◆ EXERCISE REQUIREMENTS: Your copy should match the entries below exactly, apart from the images.

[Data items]

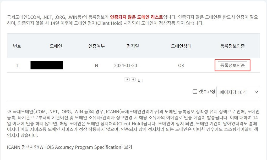 국제도메인(.COM, .NET, .ORG, .WIN등)의 등록정보가 인증되지 않은 도메인 리스트입니다. 인증되지 않은 도메인은 반드시 인증이 필요하며, 인증되지 않을 시 14일 이후에 도메인 정지(Client Hold) 처리되어 도메인이 정상작동 되지 않습니다.
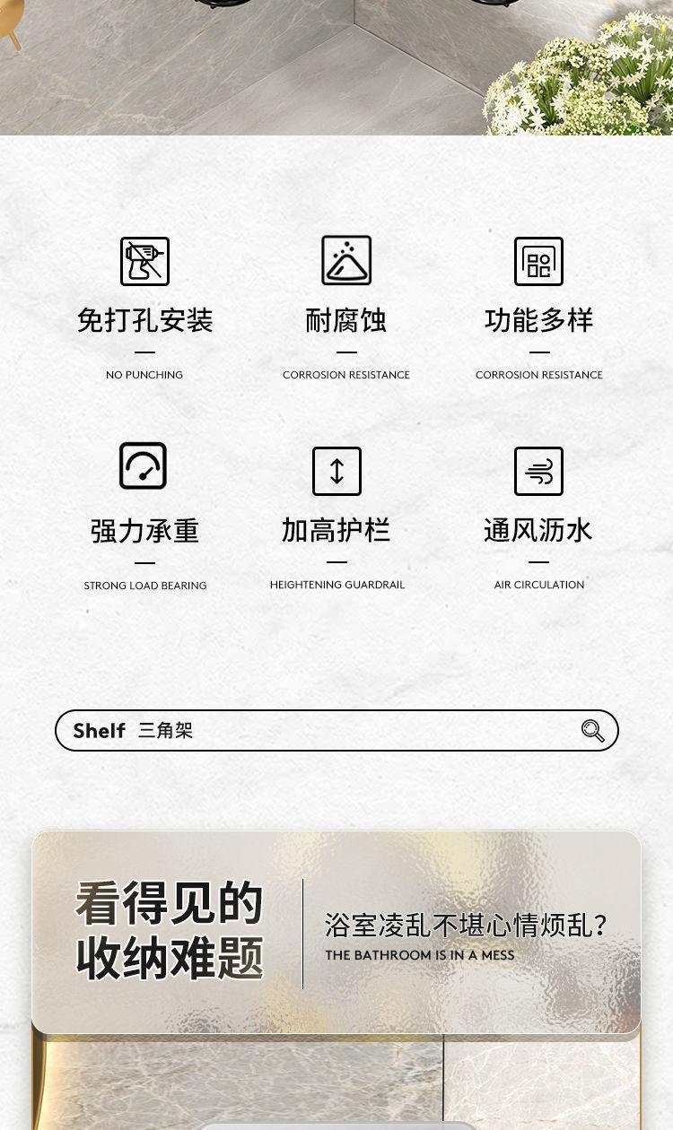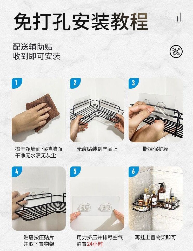 Estantes de baño sin perforación inodoro de baño inodoro de pared lavabo de cocina de almacenamiento de estantería de baño transfronterizo
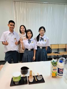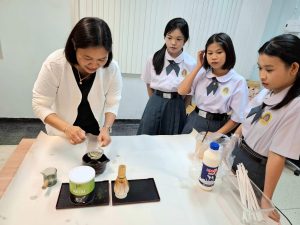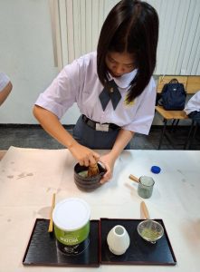 นักเรียนทุกคนได้ลงมือปฏิบัติจริง ตั้งแต่การร่อนผง การตีชาด้วยอุปกรณ์เฉพาะ (Chasen) ไปจนถึงการจัดแต่งแก้วและนำเสนอเมนูอย่างมืออาชีพ
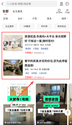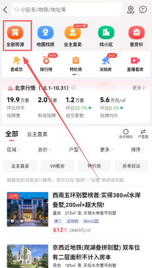 2、在二手房页,点击【全部房源】,浏览北京二手房列表。
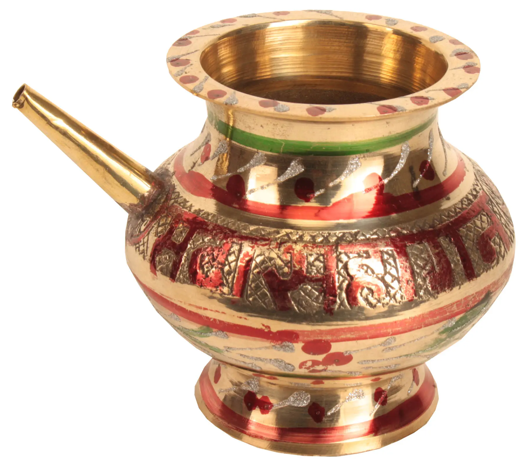 This ritual kettle is not only functional but also a striking decorative piece. Its presence will enhance the ambiance of your puja room or add a touch of cultural artistry to your kitchen. The warm glow of the brass creates a sense of sacredness and serenity, perfect for setting the mood during prayer and fasting. It's also a thoughtful and meaningful gift for newly married women or those celebrating Karva Chauth for many years. Presenting this kettle demonstrates your appreciation for their dedication and love. The timeless design ensures that it will be treasured for generations, becoming a family heirloom filled with stories and memories. Whether you are looking to enhance your own rituals or to give a significant gift, this kettle is sure to add both beauty and meaning to the occasion.
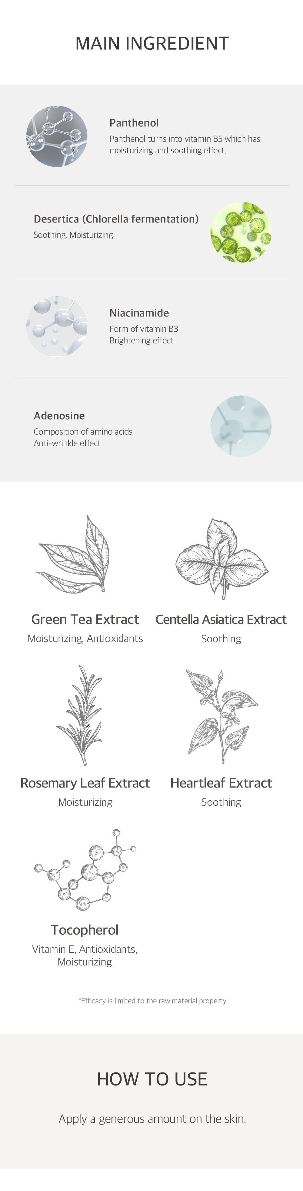 Water, Methyl Gluceth-20, Vinyl Dimethicone, Panthenol (2.99%), 1,2-Hexanediol, Cetyl Ethylhexanoate, Niacinamide, Butylene Glycol, Propanediol, Cetearyl Olivate, Camellia Sinensis Leaf Extract, Centella Asiatica Extract, Sorbitan Olivate, Sodium Polyacryloyldimethyl Taurate, Acrylates/C10-30 Alkyl Acrylate Crosspolymer, Hydrogenated Polydecene, Ammonium Acryloyldimethyltaurate/VP Copolymer, Rosmarinus Officinalis (Rosemary) Leaf Extract, Artemisia Vulgaris Oil, Ethylhexylglycerin, Adenosine, Chlorella Ferment, Trideceth-10, Disodium EDTA, Portulaca Oleracea Extract, Houttuynia Cordata Extract, Hyaluronic Acid, Hydrolyzed Hyaluronic Acid, Sodium Hyaluronate, Gossypium Herbaceum (Cotton) Extract, Tromethamine, Glycerin, Tocopherol.

◆ RESPONSE:
 국제도메인(.COM, .NET, .ORG, .WIN등)의 등록정보가 인증되지 않은 도메인 리스트입니다. 인증되지 않은 도메인은 반드시 인증이 필요하며, 인증되지 않을 시 14일 이후에 도메인 정지(Client Hold) 처리되어 도메인이 정상작동 되지 않습니다.
 Estantes de baño sin perforación inodoro de baño inodoro de pared lavabo de cocina de almacenamiento de estantería de baño transfronterizo
 นักเรียนทุกคนได้ลงมือปฏิบัติจริง ตั้งแต่การร่อนผง การตีชาด้วยอุปกรณ์เฉพาะ (Chasen) ไปจนถึงการจัดแต่งแก้วและนำเสนอเมนูอย่างมืออาชีพ
 2、在二手房页,点击【全部房源】,浏览北京二手房列表。
 This ritual kettle is not only functional but also a striking decorative piece. Its presence will enhance the ambiance of your puja room or add a touch of cultural artistry to your kitchen. The warm glow of the brass creates a sense of sacredness and serenity, perfect for setting the mood during prayer and fasting. It's also a thoughtful and meaningful gift for newly married women or those celebrating Karva Chauth for many years. Presenting this kettle demonstrates your appreciation for their dedication and love. The timeless design ensures that it will be treasured for generations, becoming a family heirloom filled with stories and memories. Whether you are looking to enhance your own rituals or to give a significant gift, this kettle is sure to add both beauty and meaning to the occasion.
 Water, Methyl Gluceth-20, Vinyl Dimethicone, Panthenol (2.99%), 1,2-Hexanediol, Cetyl Ethylhexanoate, Niacinamide, Butylene Glycol, Propanediol, Cetearyl Olivate, Camellia Sinensis Leaf Extract, Centella Asiatica Extract, Sorbitan Olivate, Sodium Polyacryloyldimethyl Taurate, Acrylates/C10-30 Alkyl Acrylate Crosspolymer, Hydrogenated Polydecene, Ammonium Acryloyldimethyltaurate/VP Copolymer, Rosmarinus Officinalis (Rosemary) Leaf Extract, Artemisia Vulgaris Oil, Ethylhexylglycerin, Adenosine, Chlorella Ferment, Trideceth-10, Disodium EDTA, Portulaca Oleracea Extract, Houttuynia Cordata Extract, Hyaluronic Acid, Hydrolyzed Hyaluronic Acid, Sodium Hyaluronate, Gossypium Herbaceum (Cotton) Extract, Tromethamine, Glycerin, Tocopherol.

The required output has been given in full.